The combination of the PARP inhibitor talazoparib plus the androgen receptor-pathway inhibitor enzalutamide yields a clinically meaningful increase in the overall survival (OS) of patients with metastatic castration-resistant prostate cancer (mCRPC) being treated in the first-line setting when compared with enzalutamide alone, according to final data from the phase III TALAPRO-2 trial.

Over a median follow-up of 52.5 months, there was a 20-percent reduction in the risk of death, with an 8.8-month improvement in median OS in the talazoparib plus enzalutamide arm vs the enzalutamide arm (45.8 vs 37.0 months; hazard ratio [HR], 0.796, 95 percent confidence interval [CI], 0.661?0.958; p=0.0155), reported Dr Neeraj Agarwal from the Huntsman Cancer Institute at the University of Utah in Salt Lake City, Utah, US. [ASCO GU 2025, abstract LBA18]

Notably, the OS gain with talazoparib plus enzalutamide was especially pronounced in subgroups of patients with HRR gene alterations (HR, 0.622, 95 percent CI, 0.475?0.814; p=0.0005) and those with BRCA1/2 alterations (HR, 0.497, 95 percent CI, 0.318?0.776; p=0.0017), as shown in data presented by Dr Karim Fizazi from the Gustave Roussy Institute of Oncology in Villejuif, France. [ASCO GU 2025, abstract LBA141]

But even in those with no detectable HRR deficiency (HR, 0.782, 95 percent CI, 0.582?1.050; p=0.1008) or BRCA alteration (HR, 0.749, 95 percent CI, 0.582?0.963; p=0.0237), OS also favoured the combination, Agarwal added.

Updated PFS and safety data

With around 2 years of additional follow-up, statistically significant and clinically meaningful benefit in the primary endpoint of radiographic progression free survival (rPFS) was maintained in the talazoparib plus enzalutamide arm, according to Agarwal. The median rPFS was 33.1 months with the combination therapy vs 19.5 with enzalutamide alone?a 13.6-month difference (HR, 0.667, 95 percent CI, 0.551?0.807; p<0.0001).

The same was true for the subgroup of patients with HRR gene alterations, with the median rPFS being 30.7 months in the combination arm vs 12.3 months in the enzalutamide arm (HR, 0.468, 95 percent CI, 0.359?0.612; p<0.0001), Fizazi reported.

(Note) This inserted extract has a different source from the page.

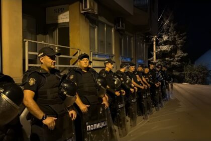 Veliki broj policajaca večeras ispred prostorija SNS-a u Novom Pazaru (VIDEO)
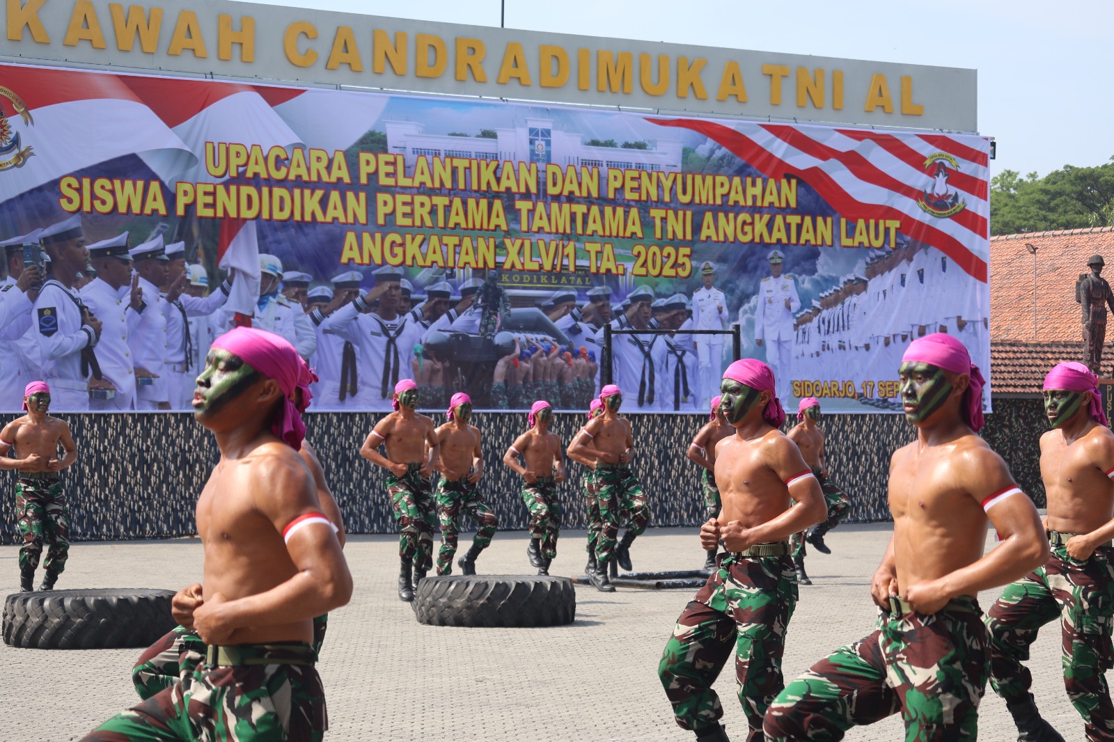 PI – Sidoarjo, Komandan Komando Daerah TNI AL Laksda TNI Ali Triswanto, S.E., M.Si., menghadiri Upacara Penutupan, Pelantikan dan Penyumpahan Siswa Dikmata Pendidikan Pertama Tamtama (Dikmata) TNI AL Angkatan XLV Gelombang I Tahun 2025, di Lapangan Kawah Candradimuka Puslatdiksarmil, Juanda, Sidoarjo. Rabu (25/03/2025)

No new safety risks were identified during the extended 2-year monitoring period. The most common grade 3/4 treatment-emergent adverse events observed with talazoparib plus enzalutamide vs enzalutamide monotherapy were anaemia (49.0 percent vs 4.5 percent) and neutropenia (19.3 percent vs 1.5 percent).

No additional cases of myelodysplastic syndromes or acute myeloid leukaemia were observed beyond the one case of each that had been previously reported, Agarwal said. [Lancet 2023;402:291-303]

Toxicity led to talazoparib dose interruption in 65.3 percent, dose reduction in 54.5 percent, and discontinuation in 21.6 percent of patients.

Standard of care

Overall, the TALAPRO-2 data support talazoparib plus enzalutamide as a standard of care for the treatment of mCRPC, said ASCO discussant Dr William Kevin Kelly from the Thomas Jefferson University Hospital in Philadelphia, US.

However, Kelly stressed the importance of a thorough risk-benefit assessment of the combination, especially in patients with HRR gene alterations or with unknown HRR status.

Additionally, more research is needed to define the optimal placement of talazoparib-enzalutamide within the current treatment landscape for advanced prostate cancer, he said.

TALAPRO-2 population

TALAPRO-2 comprised two patient cohorts: an unselected cohort of 805 patients (including 169 with HRR gene alterations) and a subsequent cohort of 399 patients with HRR gene alterations (230 additional patients enrolled). All patients had untreated mCRPC and an Eastern Cooperative Oncology Group status of 0 or 1 at baseline and were on ongoing androgen deprivation therapy.

The patients were randomized to receive enzalutamide in combination with either talazoparib (n=402) or placebo (n=403). At baseline, the median age of the unselected patient cohort was 71 years, and 61.9 percent were White. The median PSA was 18.2 ng/mL in the talazoparib plus enzalutamide arm and 16.2 ng/mL in the enzalutamide arm. The median duration of treatment with talazoparib was 19.7 months.

By the final data cutoff, quality of life, assessed using the Patient-reported Global Health Status/QoL per EORTC QLQ-C30, had been maintained in the talazoparib plus enzalutamide arm. The median time to definitive deterioration was 41.5 months in the combination arm vs 34.1 months in the enzalutamide arm (HR, 0.878, 95 percent CI, 0.704?1.096; p=0.2487).